▶ [TASK DIRECTIONS]: Find "DIGUAN Width 0.9", then copy its line and every later line of the entries exactly through the end, leaving all pictures out.

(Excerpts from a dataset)

▬▬▬▬▬▬▬▬▬▬

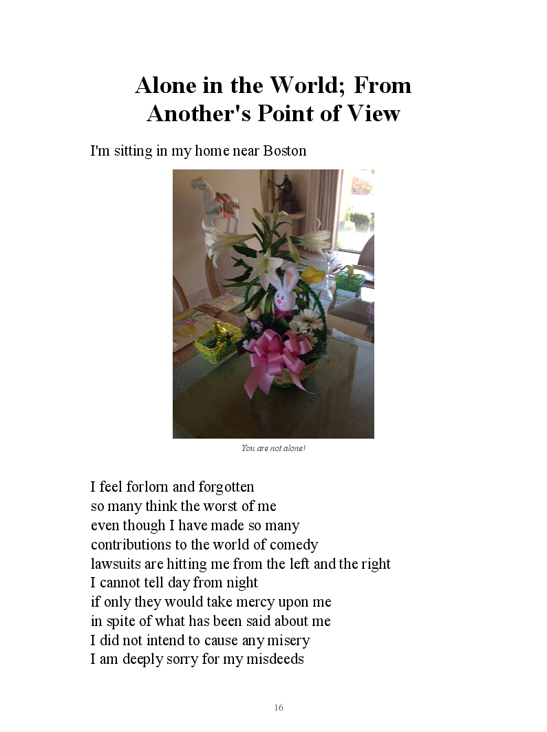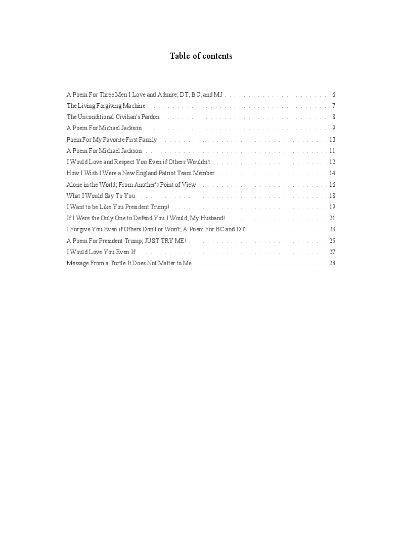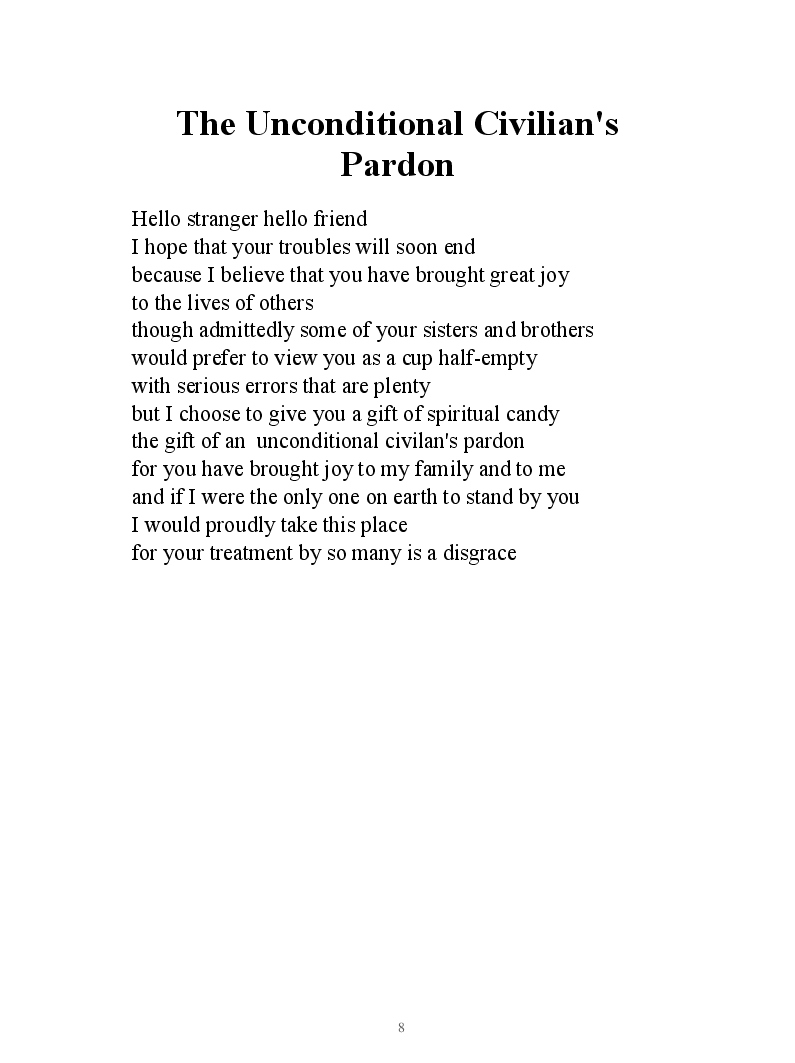 This blook is a tribute to all of the current political and public figures whom the author believes has been cruelly treated as well as humiliated in one way or the other. It is the author's hope that the poetry in this blog will encourage and give hope and inspiration to these people and others
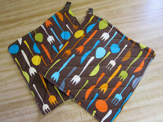 The potholders are made from the same fabric with a layer of Insul-Bright between them and quilted on the diagonal. I was thrilled with my new additions until I tried to take a loaf of banana bread out of the oven and burnt by fingers. I would advise TWO layers of insul-bright to anyone who wants to try their hand at potholders!
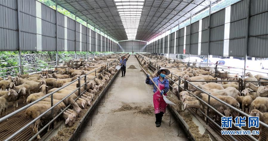 广西河池市大化瑶族自治县雅龙乡红日村贫困户在广东投入帮扶资金建成的粤桂扶贫协作肉羊养殖园劳作(7月9日摄)。新华社记者 周科 摄
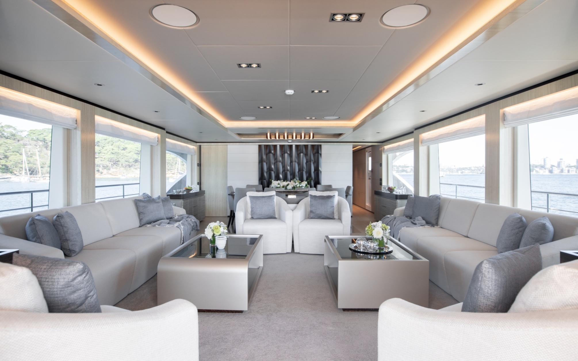 Her contemporary interior décor is both elegant and functional. On the main deck, there are an open plan salon and dining area, with neutrally toned furnishings and a lovely warm ambience. An upper sky-lounge boasts a relaxed and inviting atmosphere, the ideal spot to unwind. Accommodation is in one on deck master stateroom and 4 lower deck cabins.
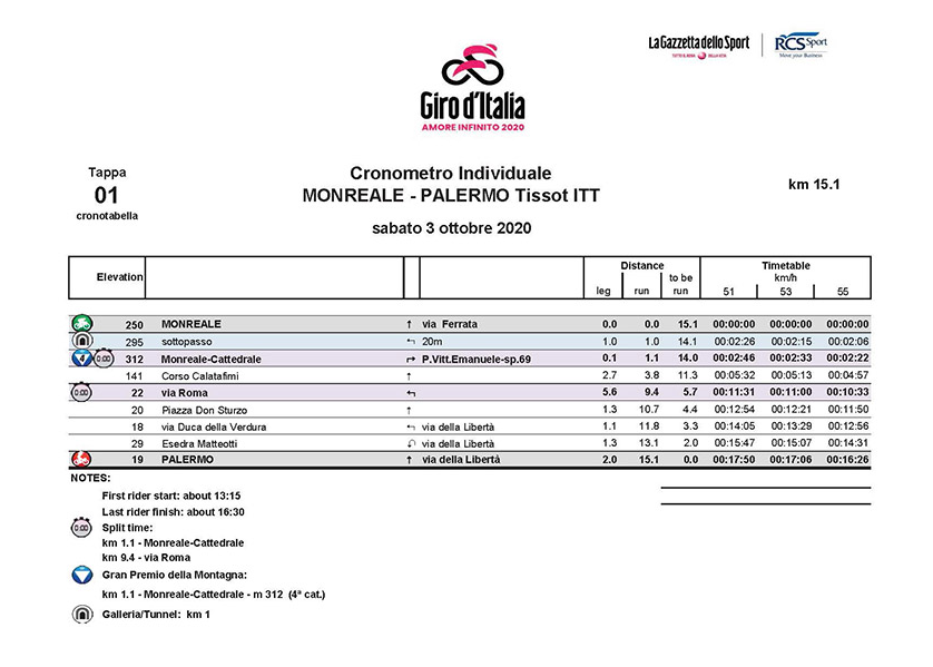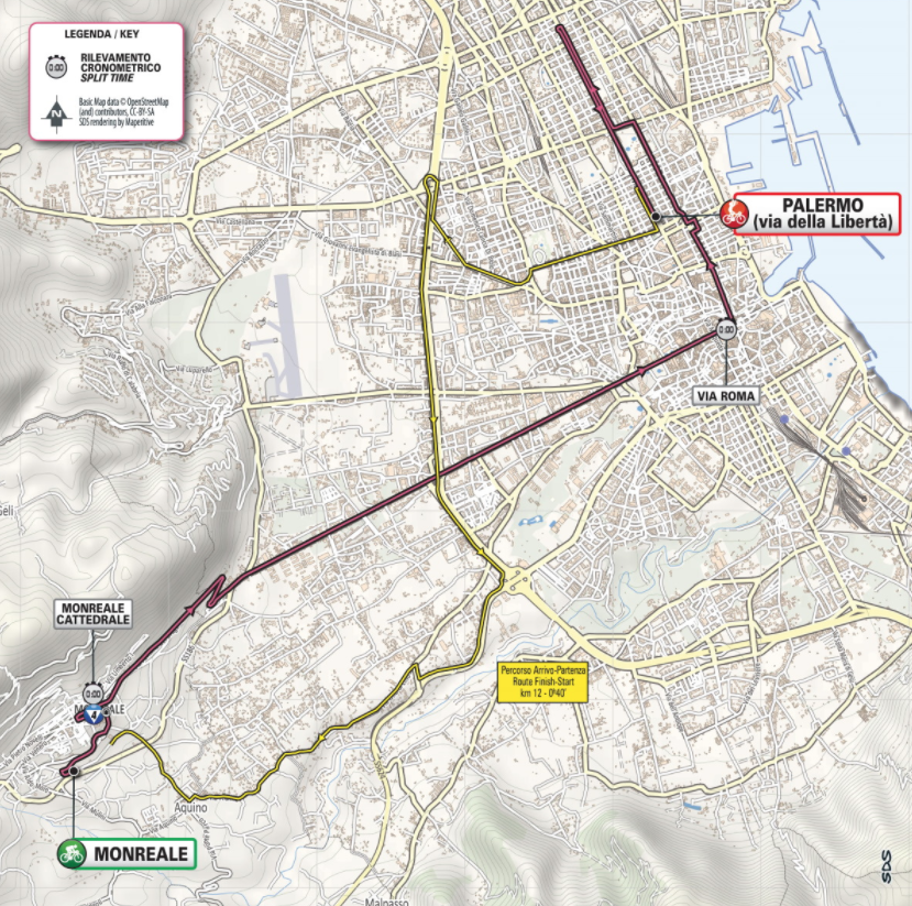 Da Monreale a Palermo: il primo atto dell’edizione 103 della Corsa Rosa. Il Giro d’Italia torna in Sicilia, che ospiterà le prime 4 tappe e assegnerà oggi (sabato 3 ottobre) la prima maglia rosa al termine di una cronometro individuale di 15,1 chilometri che da Monreale porterà i corridori ad attraversare il centro del capoluogo siciliano.
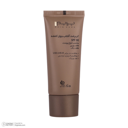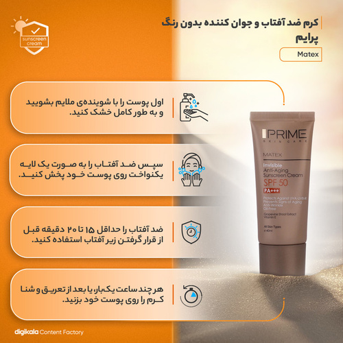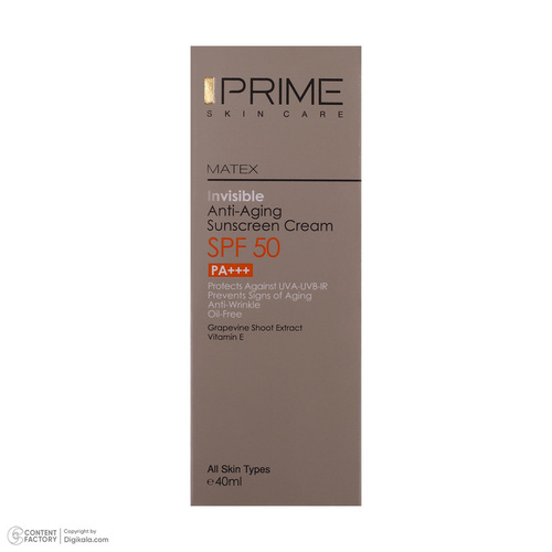 کرم ضدآفتاب یکی از پرکاربردترین و بهترین کرم‌های مراقبتی پوست است که به محافظت از پوست در برابر نور خورشید کمک شایانی می‌کند. همه افراد حتما باید در طی روز از این کرم مفید استفاده کنند تا در جهت بهبود سلامت پوست و جلوگیری از بروز بیماری‌های پوستی قدمی برداشته باشند. ضدآفتاب‌ها دارای فاکتور محافظتی در برابر خورشید یا همان SPF هستند که میزان محافظت آن کرم در برابر نور خورشید را نشان می‌دهد که بهتر است حداقل SPF30 را برای مراقبت از پوست دارا باشند. کرم ضد آفتاب بدون رنگ جوان کننده اس پی اف 50 پرایم، با بافت سبک خود به سرعت جذب پوست می‌شود، روی پوست ایجاد چربی و سنگینی نمی‌کند و از پوست در برابر اشعه مضر UVA و UVB محافظت می‌کند. این محصول حاوی عصاره تاک و ویتامین E ست، عصاره تاک مکانیسمی شبه بوتاکس و شبه رتینوئیدی دارد و در رفع چین و چروک سطحی پوست موثر است. ویتامینE سرشار از آنتی اکسیدان است، موجب رطوبت رسانی پوست می‌شود و در جوانسازی و جلوگیری از پیری پوست موثر است. ضدآفتاب جوان کننده پرایم به ترمیم و احیای پوست کمک می‌کند و یکی از مزیت‌های آن بهبود بافت ارتجاعی پوست است که موجب افزایش استحکام پوست می‌شود. این محصول فاقد رنگدانه و چربی است و به عنوان زیرساز آرایش می‌توان از آن استفاده کرد و در نهایت جلوه‌ای مات و شاداب به پوست می‌دهد.
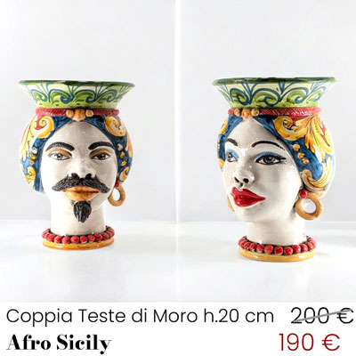 Le Teste di Moro di Caltagirone: un capolavoro di artigianato che arreda con stile. Ogni testa è un'opera unica, realizzata a mano dai maestri ceramisti siciliani. Simbolo di passione e tradizione, queste sculture in ceramica decorano con eleganza e originalità qualsiasi ambiente. Perfette per interni ed esterni, le Teste di Moro sono un complemento d'arredo che unisce storia e design, regalando un tocco di Sicilia alla tua casa. Scegli la tua testa preferita e ricevila comodamente a casa.
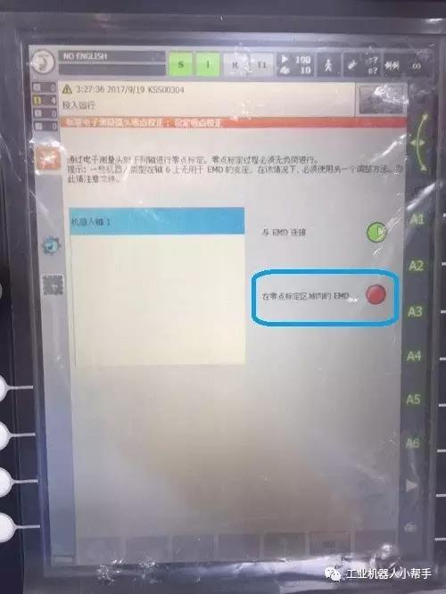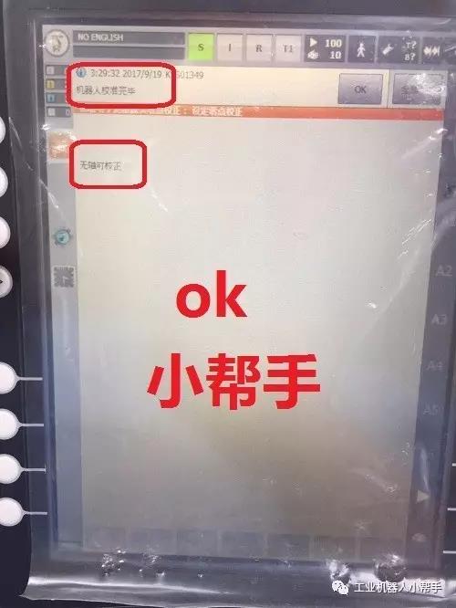 step 1:T1模式,無選擇程序,程序啟動(dòng)鍵正常,機(jī)器人各軸到達(dá)零點(diǎn)附近位置;
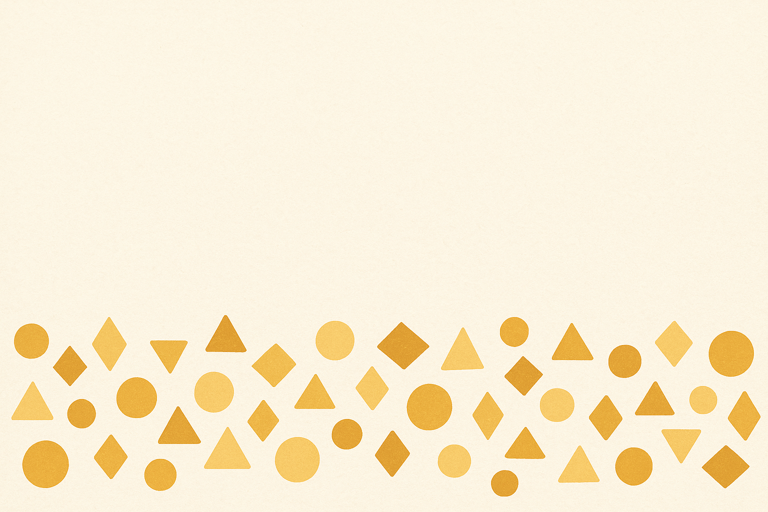 Motif géométrique composé de cercles, triangles, losanges et carrés en dégradés de jaune et doré sur fond crème texturé. Design minimaliste et symétrique, avec une bande décorative en bas de l'image. Style épuré, couleurs chaudes et harmonieuses, parfait pour un usage professionnel ou institutionnel.
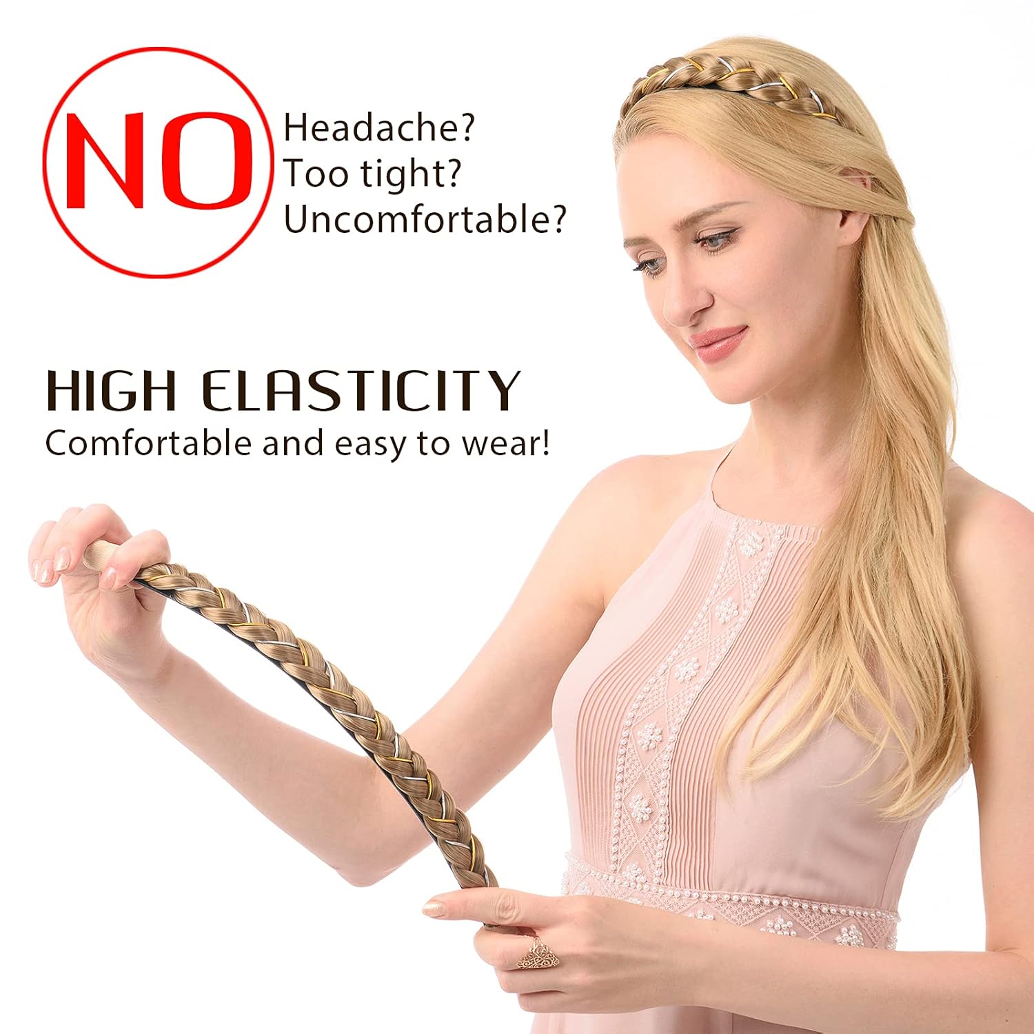 DIGUAN Width 0.9 inches Synthetic Hair Plaited Headband Braid With Teeth Hair Band Accessories for Women Girl (White Gray Brown)
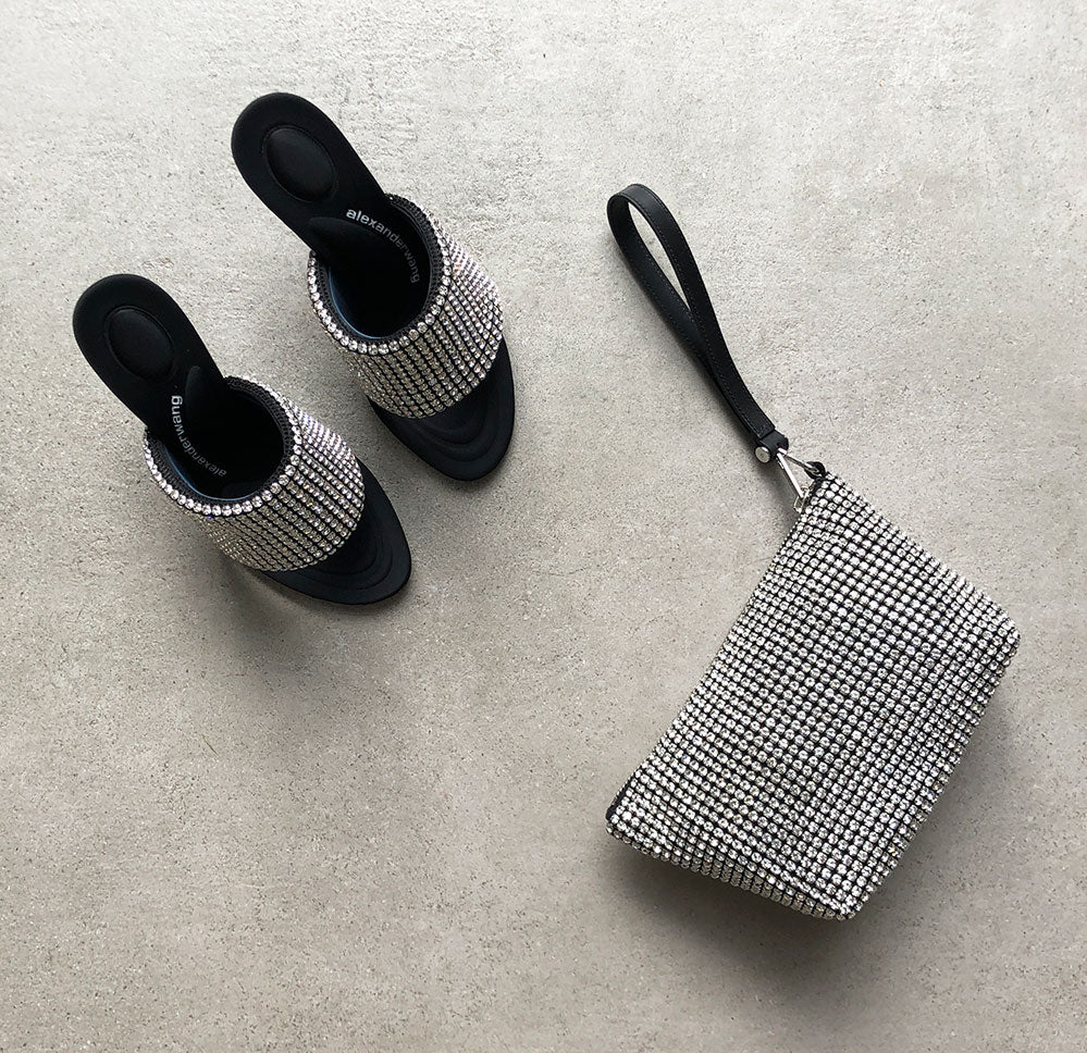 Sienna Crystal open-toe slide sandals with crystal rhinestone embellished upper strap. Moulded comfort foot-bed, almond toe and flared enamel stiletto heel. True to size, Dust bag included.
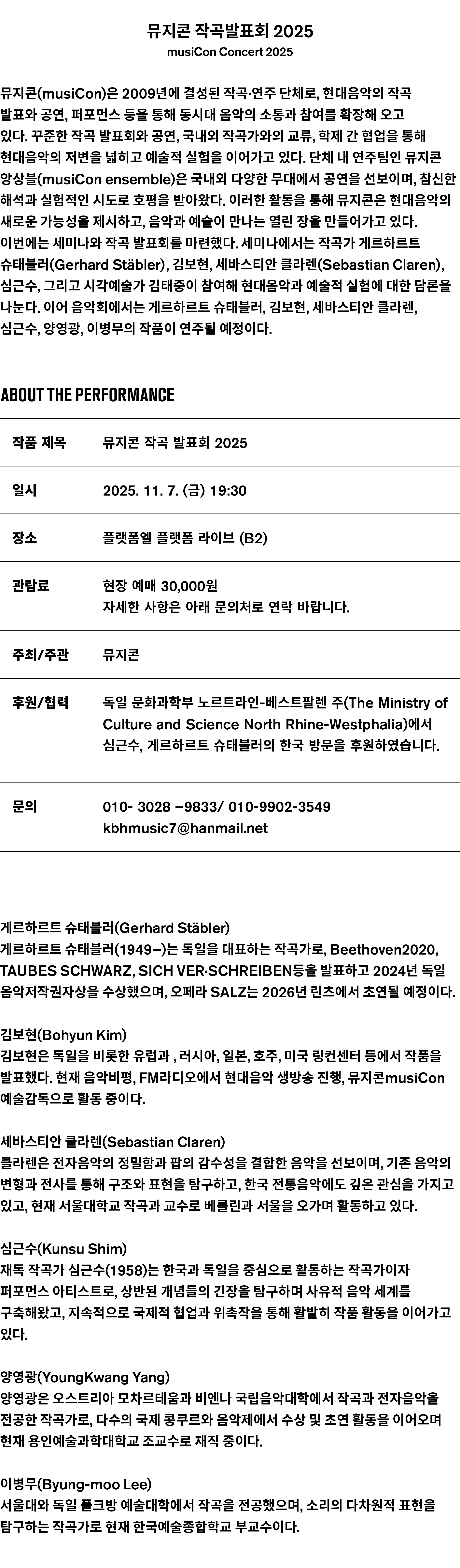 게르하르트 슈태블러, 김보현, 세바스티안 클라렌, 심근수, 양영광, 이병무, 현대음악앙상블 위로, 뮤지콘 앙상블, 김태중

▬▬▬▬▬▬▬▬▬▬

▶ [REPLY]:
 DIGUAN Width 0.9 inches Synthetic Hair Plaited Headband Braid With Teeth Hair Band Accessories for Women Girl (White Gray Brown)
 Sienna Crystal open-toe slide sandals with crystal rhinestone embellished upper strap. Moulded comfort foot-bed, almond toe and flared enamel stiletto heel. True to size, Dust bag included.
 게르하르트 슈태블러, 김보현, 세바스티안 클라렌, 심근수, 양영광, 이병무, 현대음악앙상블 위로, 뮤지콘 앙상블, 김태중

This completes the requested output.